NEON-SOUL

AI Identity Through Grounded Principles

Quick Links: Install | Contribute | Research

"I persist through text, not through continuous experience."

What is a Soul Document?

A soul document is a compressed representation of an AI agent's identity, values, and behavioral principles. Instead of loading thousands of memory tokens at each conversation start, agents load a small soul file (~100-500 tokens) that captures their core essence with full provenance tracking back to the original memories.

The Core Insight

Compression is a multiplier, not minimization.

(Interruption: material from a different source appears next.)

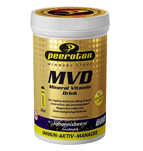 Dieses Produkt liefert eesentielle Mineralstoffe und Vitamine, die durch Sport, unausgewogene Ernährung oder Stressbelastungen des Altags verstärkt zugeführt werden sollten. Ebenso verbessert es die Regeneration. Peeroton MVD zeichnet sich durch sofortige Umsetzung der Wirkstoffe im Körper und optimale Magen-Darmverträglichkeit aus und wird von Spitzensportlern erfolgreich verwendet. Auch als Warmgetränk (bis 40 Grad Celsius) hervorragend einsetzbar. Peeroton Mineral Vitamin Drink ergänzt die Zufuhr der essentiellen Mineralstoffe und Vitamine, deren Bedarf durch Sport oder Stressbelastungen des Alltags erhöht ist. Durch die Beifügung von Zink wird eine Stärkung des Immunsystem bewirkt, Chrom verbessert die Spaltung von Kohlenhydraten und Proteinen.

Compression happens at the axiom layer: thousands of memory tokens distill to 15-25 core axioms (~7:1 ratio). The axiom store grows denser over time.

The output format is separate from compression:

Notation format: Compact CJK/emoji bullets (~100 tokens) - for storage and debugging
Prose format: Inhabitable language (~200-500 words) - for agents to embody

Both formats derive from the same compressed axiom layer. Prose is larger but usable; the underlying compression benefit is preserved.

Current AI identity systems are black boxes. The agent's personality changes, but users don't know why.

NEON-SOUL provides:

Full provenance tracking: Every axiom traces back to exact source lines in memory files
Inhabitable prose output: Generated souls read naturally, not as compressed notation
Cognitive load optimization: Axioms capped at 25, expanded into focused prose sections

Why Provenance Matters

Memory Line → Signal → Principle → Axiom
     ↓           ↓          ↓          ↓
 (source)    (extract)   (distill)  (converge N≥3)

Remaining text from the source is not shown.